Statistical Methods for Quality Assurance and Optimization
Quality monitoring and optimization are becoming increasingly important in the chemical industry with regard to cost reduction, certification and customer requirements. Statistical methods, especially desirability indices, are essential tools in this context.
(Statistical) design of experiments
attempts to investigate the relationship between target variables and factors possibly influencing them as completely as possible with as few experiments as possible. The aim is to identify those factors that really have an influence on the target variables and to determine those values of these factors that optimize (maximize / minimize) a target variable. A new area of research is the design of experiments on existing observational data for variable selection. For the EMILeA-stat project, an interactive teaching and learning environment (e-learning), the EMILeA Chemicals AG scenario for statistical experimental design was developed.
Life sciences
- Diagnostic methods are required, for example, in the development, optimization and validation of test systems and automatic analyzers. In this field, new statistical methods and approaches are needed to optimize existing processes and to deal with new problems appropriately. For example, the long-term accuracy of diagnostic tests in routine diagnostics can only be guaranteed by optimal calibration procedures. In the field of genomics, proteomics, peptidomics, etc., new diagnostic methods are being sought, and statistics is significantly involved in study planning, implementation and evaluation for the approval of diagnostic methods. The Department of Statistics and Roche Diagnostik GmbH in Penzberg/Bavaria cooperate in research in these areas.

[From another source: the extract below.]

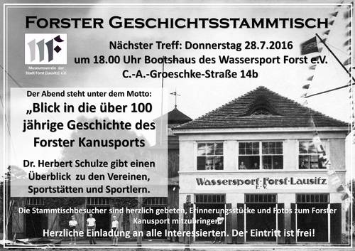 Über 100 Jahre Vereinskanusport in Forst - der nächste Geschichtsstammtisch 12.07.2016 21:00 - Frank Henschel ![]() In der Spitze gab es in Forst sieben Kanu-Vereine. Unter anderem darüber und wo ihre Sportstätten waren wird Dr. Herbert Schulze berichten. Eingeladen wird diesmal in das fantastisch gelegene Vereinshaus des Wassersport Forst e.V.. Wer diese Ecke des Mühlgrabens noch nicht gesehen hat, dem sei dieser Stammtisch umso mehr empfohlen. Treff ist wie immer am letzten Donnerstag im Monat – also am 28. Juli um 18 Uhr in der C.A. Groeschke Str. 14 b. |

- Linguistic information in neuronal responses: In cooperation with the Fraunhofer Institute for Digital Media Technology (IDMT) in Ilmenau/Thuringia, information is searched for in the neuronal response at the human auditory nerve. Based on a simulation model of the inner ear, speech input is automatically recognized.
Explorative data analysis
includes tools to visualize data and dependencies between different data series. The idea is to let the data speak for itself. In this way, conspicuities in the individual data series should be made clear (groups, outliers) and indications of correlations between different variables that were not expected in advance should be found. Such correlations are then used to investigate the extent to which certain variables can be predicted from others.
Expert systems
are computer systems that attempt to copy a domain expert's approach to solving a problem. Expert statistical systems are about the implementation of a statistician's knowledge on a computer, with the aim of concretizing the state of knowledge (what is really known, what is not (yet) ?) and sharing the knowledge.
Error-in-the-Variables Models
are mathematical/statistical approximations for real relationships between target variables and the factors influencing them, in which measurement errors in the factors are also modeled. Standard models, on the other hand, assume that measurement errors only occur in the target variables, i.e. that factors are completely 'under control'.
Numerical methods
are calculation rules (algorithms) for the solution of mathematical/statistical problems with given values of the output variables. The development of such procedures received new impetus by the increasing computerization. The aim is to calculate the correct result with the highest possible accuracy in the shortest possible time, taking into account all special cases.